Non-News Redux

Something I was having trouble articulating in this post:

These things that we get our no-duh moments from, we’ve moved the onus of proof onto the default position as opposed to the intervention.  Women would stand, move about in labour and eat as they please if we let them.  The medical industry comes in and fucks with things, thus making these perhaps default positions untenable, (i.e. strapping women down during childbirth because doctors used twilight sleep and midwives didn’t which is why you wanted a doctor, or not letting women eat because early anesthetics had a much greater chance of causing vomiting and aspiration of fluid into the lungs).  So now we spend a lot of time and money looking at “best evidence practices” because there are vestiges of techniques long gone that have become habitual and procedural.
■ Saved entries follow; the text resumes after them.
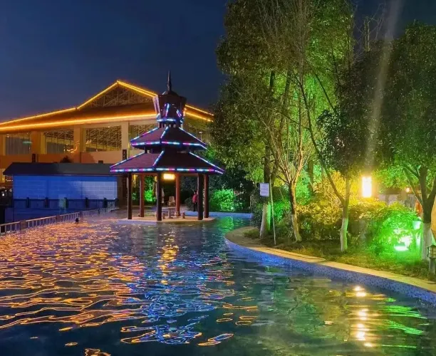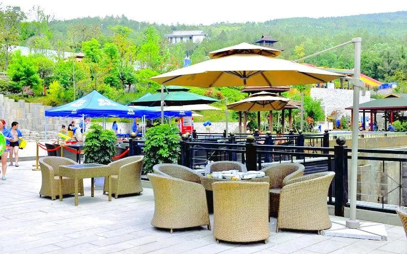 女皇温泉又叫汤山,坐落于半山之中,远离城市喧嚣,自然风景优美,空气清新,复古的建筑风格,所打造的主题为“梦廻唐朝”与千佛崖景区相呼应。女皇温泉融合了私家别墅汤苑及天然露天温泉的综合优势,适合不同年龄、层次的客人。
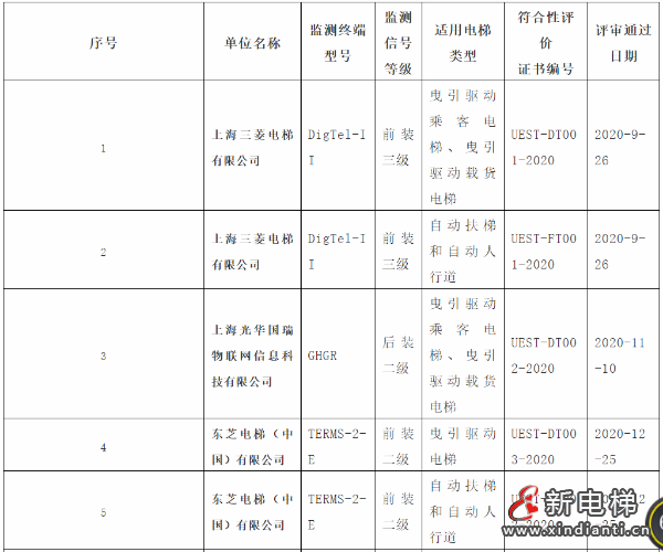 上海市聯(lián)合電梯安全技術(shù)促進(jìn)中心受上海市市場監(jiān)督管理局(原上海市質(zhì)量技術(shù)監(jiān)督局)委托,自2019年起,對電梯配備具有運行參數(shù)采集和網(wǎng)絡(luò)遠(yuǎn)程傳輸功能的監(jiān)測裝置開展了對標(biāo)符合性評價工作。至今,已經(jīng)通過上海市地方標(biāo)準(zhǔn)DB/T 1123-2018《智慧電梯監(jiān)測終端技術(shù)要求》符合性評審的名單公布,包含上海三菱以及東芝電梯等企業(yè)。
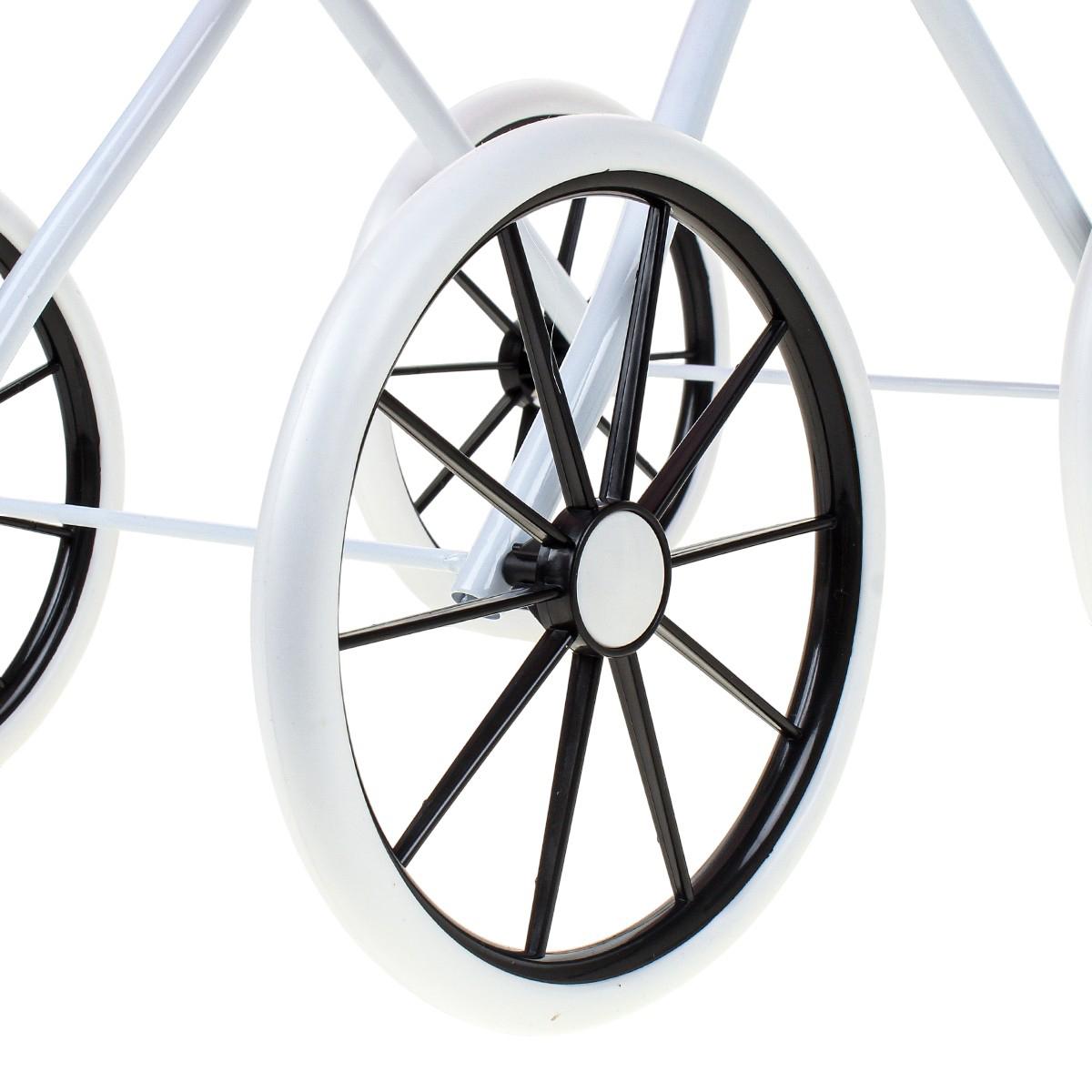 Конструкция включает пластиковые крупные колеса диаметром около 31 см, устойчивую металлическую раму серебристого цвета, яркую тканевую корзину с декоративным рисунком, ручку с накладкой, предотвращающей скольжение. Размеры в разложенном виде — 63 x 52 x 31 см, что делает её подходящей для кукл до 40 см. Она отлично сочетает функциональность и привлекательный дизайн, где каждая деталь способствует комфортной игре и развитию моторики.
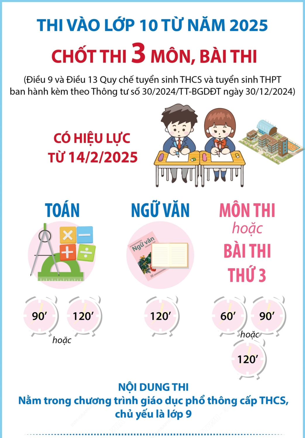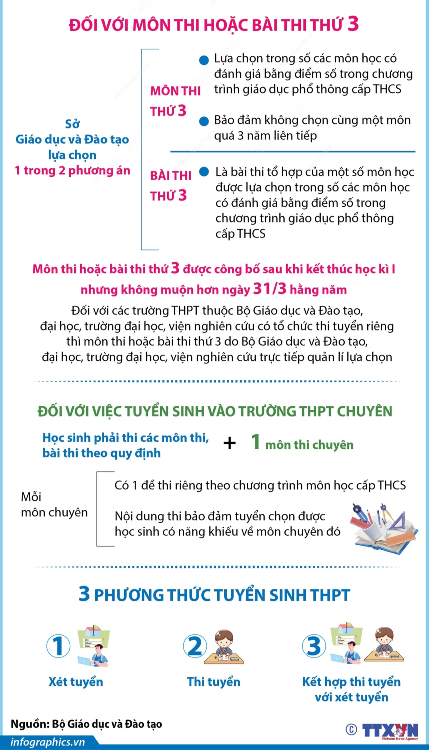 Đối với phương thức thi tuyển, Bộ GD&ĐT quy định thực hiện 3 môn thi, bài thi, gồm: Toán, Ngữ văn và một môn thi hoặc bài thi thứ 3 do Sở GD&ĐT lựa chọn. Môn thi thứ ba được lựa chọn trong số các môn học có đánh giá bằng điểm số trong chương trình giáo dục phổ thông cấp THCS, bảo đảm không chọn cùng quá 3 năm liên tiếp.
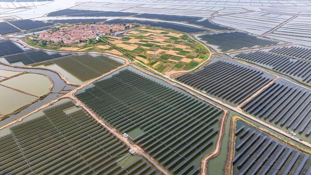 仲夏時(shí)節(jié),天藍(lán)海闊。走進(jìn)位于海陽(yáng)市行村鎮(zhèn)的桃林融進(jìn)200MW漁光互補(bǔ)項(xiàng)目現(xiàn)場(chǎng),整齊有序布列的新能源光伏矩陣熠熠生輝,蔚為壯觀。“上可發(fā)電、下可養(yǎng)蝦”的漁光互補(bǔ)組合,不僅繪就了綠色鄉(xiāng)村新圖景,還源源不斷為地方經(jīng)濟(jì)發(fā)展注入綠色動(dòng)能。
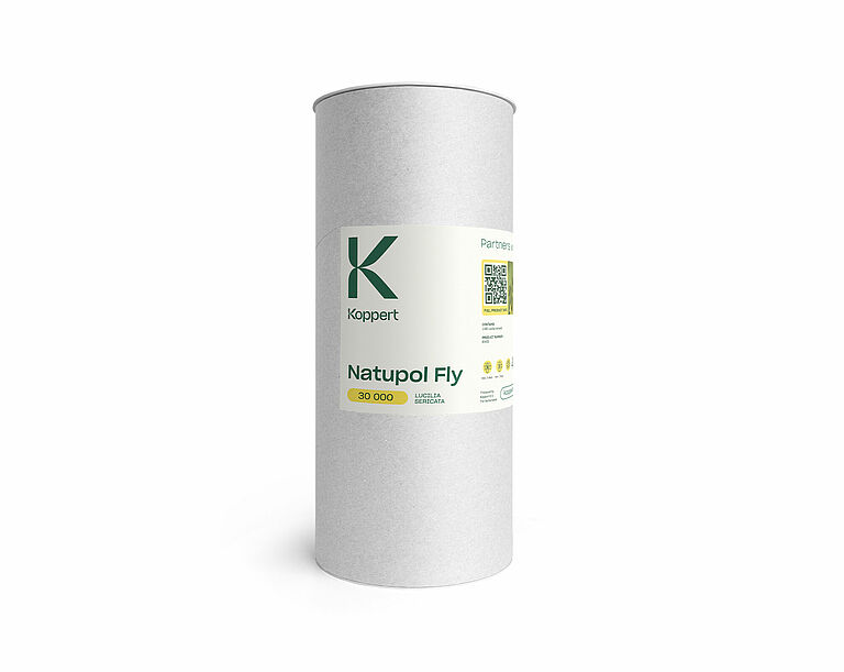 Natupol Fly är förpackad i ett papprör med plastlock. Flugpupporna blandas med sågspån för att minimera värmeproduktionen och öka fukt- och luktabsorptionen. Den ändamålsenliga förpackningsmetoden för Natupol Fly ger
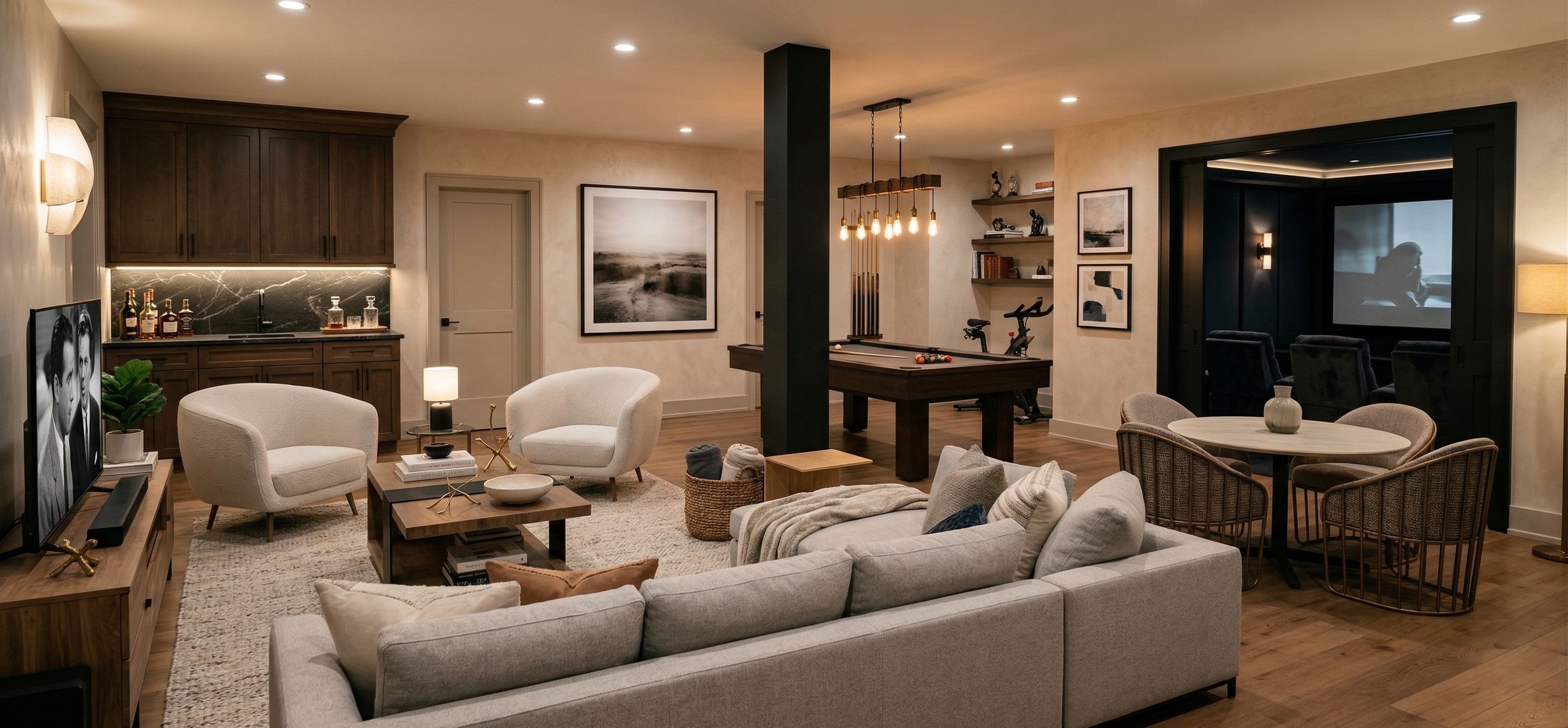 Promptcozy basement, add black pocket style doors no glass at black theatre room, opened, keep exact camera angle
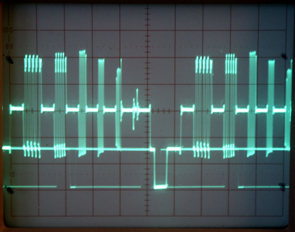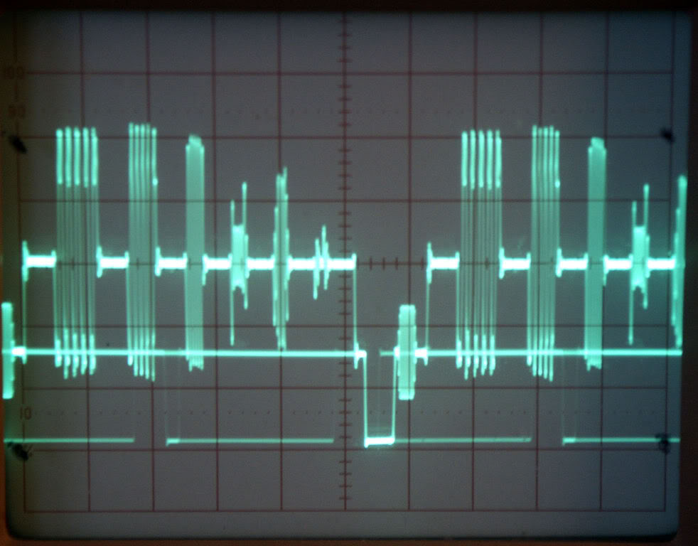 Using a B&K 1253 portable signal generator and a plain oscilloscope, here are screen shots of a multiburst pattern. The packets are not the standard they normally are. They are as follows; .75, 1.125, 2.25, 3.375, 4.5 and 6.75 MHz. All are visable, but the last packet in the shot from the 57" DLP they were viewed on (S video in) is nonexistent.
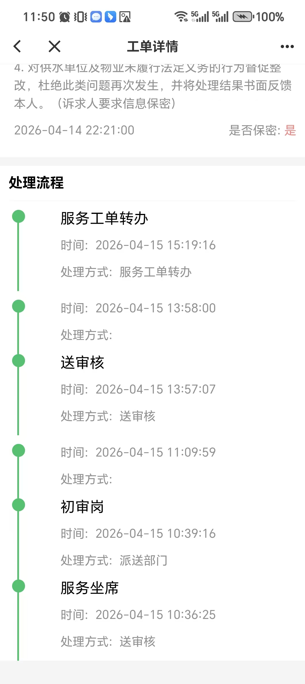 3. 督促物业与供水公司限期整改,并将处理结果向本人反馈。

Women would naturally seek to control and/or limit reproduction.  Hence the supposed harvesting of silphium to extinction within the 1st century CE.  We then assume that women shouldn’t or won’t wish to limit this reproduction and ban it.  So now we spend an enormous amount of time and energy and money fighting to make sure that women don’t lose the ability to have agency over reproduction, and have studies that show legal banning or societal condemnation of this want doesn’t effect women seeking out the ability to control and limit reproduction.  So we spend lots of time and money and energy to figure out that, a ha!, if we give women the choice to control conception abortion rates decrease!

So, because of historical, societal or religious accidents, we confuse where the burden of proof should lie.  Admittedly, this comes from a pretty radical feminist point of view and is probably not the viewpoint that the obstetrician or the clergy hold.  But, then again, I’m of the opinion that women are people too, and can probably decide what’s best for them and their families.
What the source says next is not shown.